4 months ago

Abhishek Gupta • 30

Bhubaneswar

Solution-

analysis-

          The question asks to find number of pairs for which 
                              [a|b] + [a&b] >=k -(1)
          where [a] = number of set bits in a
          Now we that [a|b]= [a]+[b]-[a&b]       

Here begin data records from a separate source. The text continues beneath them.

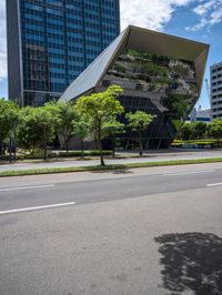 An empty street in Taipei City, Taiwan, showcases modern and futuristic architecture. The clear sky reflects on the water puddle, highlighting the vibrant urban design. The city's vegetation adds a touch of green to the urban landscape.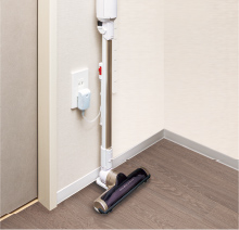 スティック型掃除機などの充電に便利なコンセントを収納内に設置しています。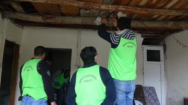 Son Güncelleme: 9 Nisan 2018 08:21 Milli Eğitim Bakanlığı; Mesleki ve Teknik Eğitim Genel Müdürlüğünün “Meslek Liseliler Ailelerle Buluşuyor” etkinliği kapsamında İskilip Mesleki Eğitim Merkezi Müdürlüğü “Mesleki Eğitim Hayata Değer Katıyor” adlı sosyal sorumluluk projesini hayata geçirdi. İskilip Mesleki Eğitim Merkezi Müdürlüğünce yürütülen proje çalışması hakkında bilgi veren Merkez Müdürü Fatih Şanlı, “İskilip Mesleki Eğitim Merkezinde farklı meslek alanlarında eğitim gören çırak-kalfalar ile meslek öğretmenlerinden oluşan proje ekibi, muhtarlıklar kanalı ile bölgede yalnız yaşayan, dar gelirli yaşlıların tespiti yapılarak mahalle muhtarı nezaretinde ev ziyareti düzenlenmektedir. Ev içerisinde bakım-onarım gerektiren kısımlar ile yaşlılarımızın ihtiyaçları belirlendikten sonra, bakım–onarım için gerekli ihtiyaç listesi projeye destek sunan paydaşların katkısı ile malzemeler temin edildikten sonra, yaşlımızın evine proje ekibi ile giderek, çırak öğrenciler kendi alanları ile ilgili onarım çalışmasını öğretmenleri nezaretinde yapmaktadırlar” dedi. Ders yılı sonuna kadar devam edeceği belirtilen proje kapsamında tespiti yapılan ve hedef kitle olarak belirtilen 20 kadar yalnız yaşayan, yoksul durumdaki yaşlılara ulaşılacağı belirtildi. Öğrenci ve öğretmenlerin birlikte gerçekleştirdiği proje çalışmasının eğitim öğretim sürecine katkısının çok fazla olduğunu belirten Şanlı, “bu çalışmalar öğrenci – öğretmen iletişimini arttırıyor, okulda saygıya, hoşgörüye dayalı bir ortam olmasını sağladığı gibi öğrenci disiplin olaylarının da yaşanmamasını sağlıyor” diye konuştu.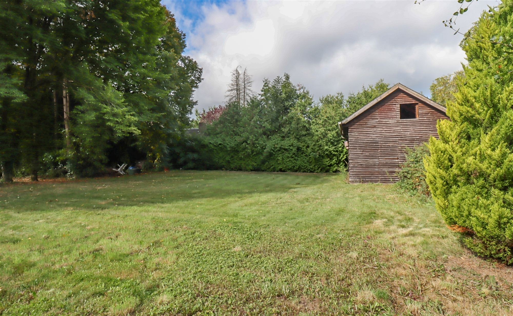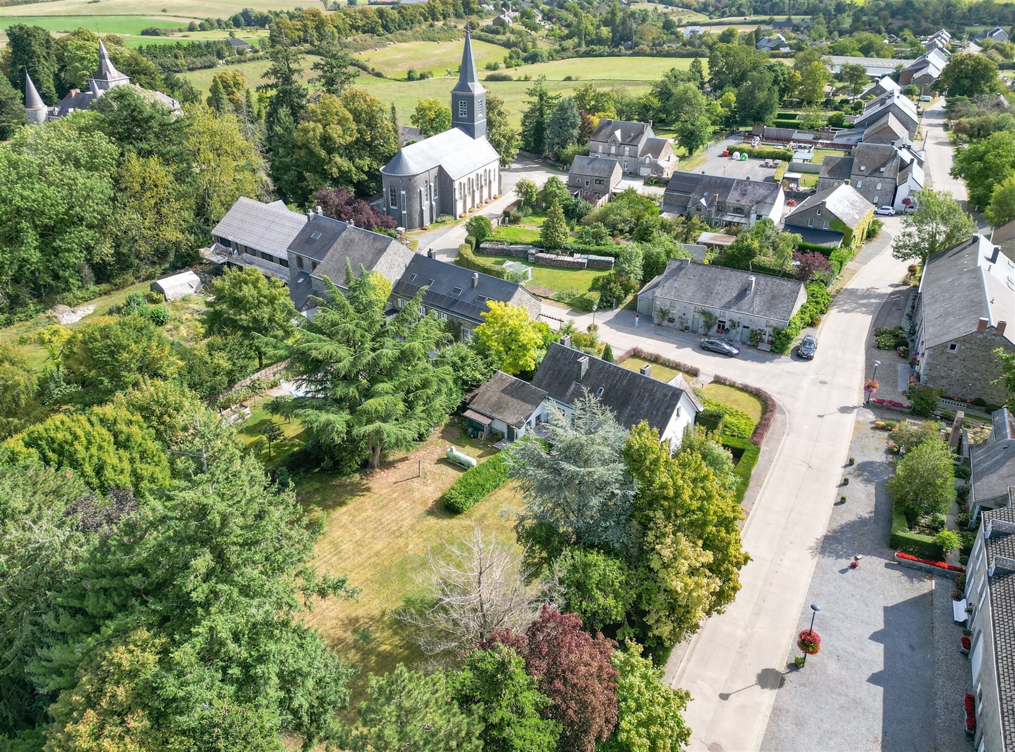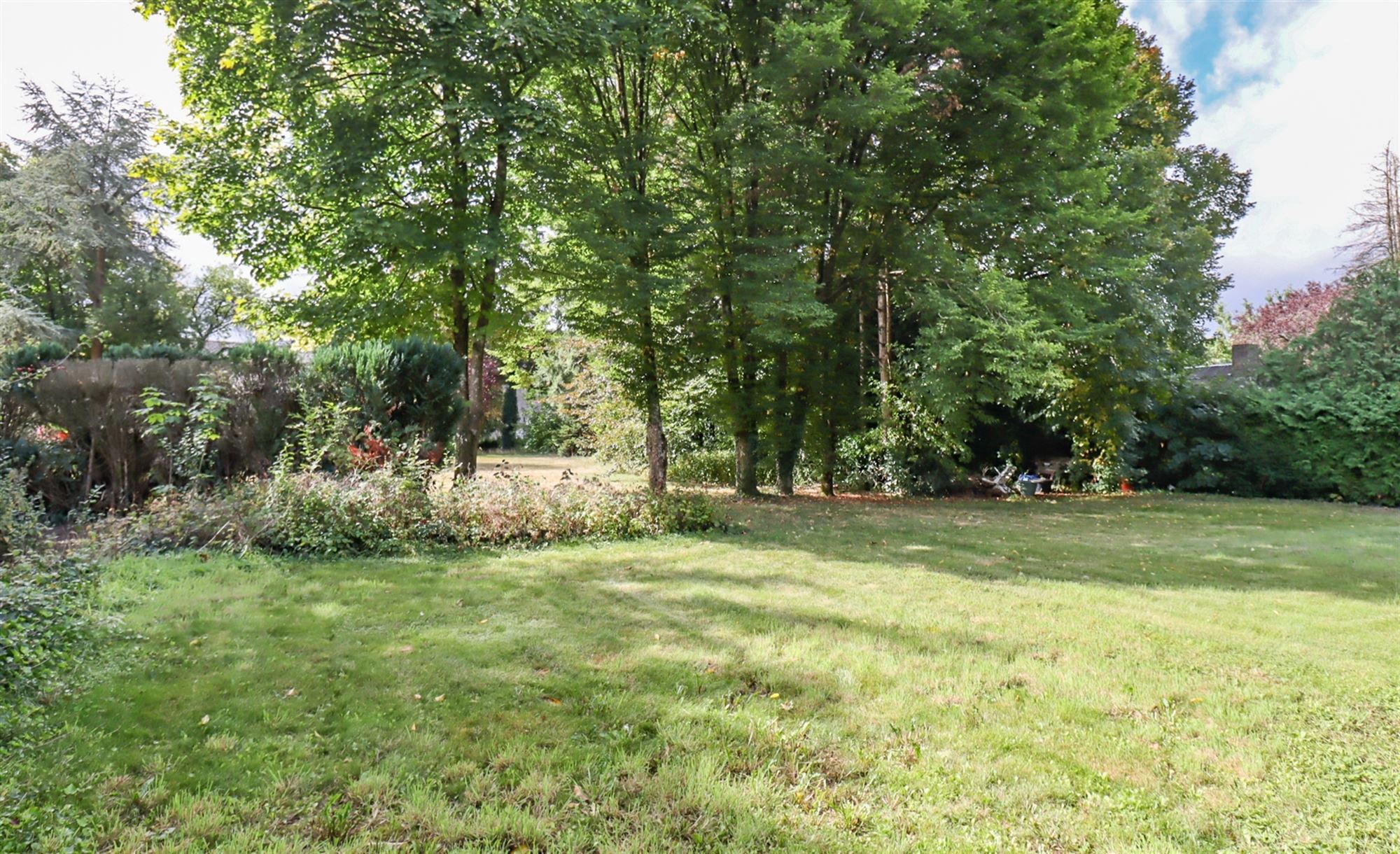 La villa, construite au milieu des années 1960 sur une parcelle de près de 30 ares, bénéficie d’un emplacement privilégié le long de la rue de l’Église. Le terrain, aménagé en parc et agrémenté de magnifiques spécimens de feuillus et de conifères, se situe entièrement en zone d’habitat à caractère rural, offrant ainsi la possibilité d’un projet supplémentaire sous réserve des autorisations nécessaires.

                   So (1) gets reduced to 

                                                    [a]+[b] >=k

                  this can be easily found by keeping a map

                  `

#include <bits/stdc++.h>
using namespace std;
using ll = long long;
#define pb push_back
using pi = pair<int, int>;
#define srt(temp) sort(temp.begin(),temp.end())
#define srt1(temp,comp) sort(temp.begin(),temp.end(),comp)
#define f first
#define rep(i,a,b) for(int i=a;i<b;i++)
#define rep1(i,a,b,c) for(int i=a;i<b;i+=c)
#define rev(i,a,b) for(int i=a;i>b;i--)
#define s second
int log(int x) {
      return 32 - __builtin_clz(x) - 1;
      //return 64 - __builtin_clzll(x) - 1;
 }
const ll mod=(1e9+7);
template<class T> using min_pq = priority_queue<T, vector<T>, greater<T>>;
template<class T> using vv = vector<vector<T>>;
template<class T> using v = vector<T>;
template<class T> using us = unordered_set<T>;
#define input int t;cin>>t;while(t--)
#include <ext/pb_ds/assoc_container.hpp>
using namespace __gnu_pbds;
//less-ascending
//greater -descending
//less_equal-multiset
#define ordered_set tree<ll,null_type,greater_equal<ll>,rb_tree_tag, tree_order_statistics_node_update> 
//nesx:no of elements smaller than x
//eax:element at x postion
#define nesx order_of_key
#define eax find_by_order
#define sp cout << setprecision(9)
void yes(){cout<<"YES"<<endl;}
void no(){cout<<"NO"<<endl;}
int main()
{
    ios_base::sync_with_stdio(false);
    cin.tie(NULL);
    cout.tie(NULL);
    sp;
    int n;
    cin>>n;
    v<int> hash(32,0),suff(32,0);
    int c;
    rep(i,0,n){
        cin>>c;
        int cnt=0;
        rep(j,0,31){
            cnt+=((c>>j)&1);
        }
        hash[cnt]++;
    }
    // rep(i,0,32)cout<<hash[i]<<" ";
    // cout<<endl;
    int k;
    cin>>k;
    rev(i,31,-1){
        if(i==31)suff[i]=hash[i];
        else suff[i]=suff[i+1]+hash[i];
    }
    // rep(i,0,32)cout<<suff[i]<<" ";
    // cout<<endl;
    ll ans=0;
    rep(i,0,32){
        // cout<<i<<" ";
        if(hash[i]){
            if(i<k){ 
                // cout<<suff[k-i]<<" 1 ";
                if((k-i)>i){
                    ans+=(suff[k-i]*hash[i]);
                }else{
                    ans+=(suff[k-i]-1)*hash[i];
                }
            }else{
                // cout<<(n-1)<<" 2 ";
                ans+=((n-1)*hash[i]);
            }
        }
        // cout<<ans<<endl;
    }
    cout<<(ans/2)<<endl;
}

Hope it will help you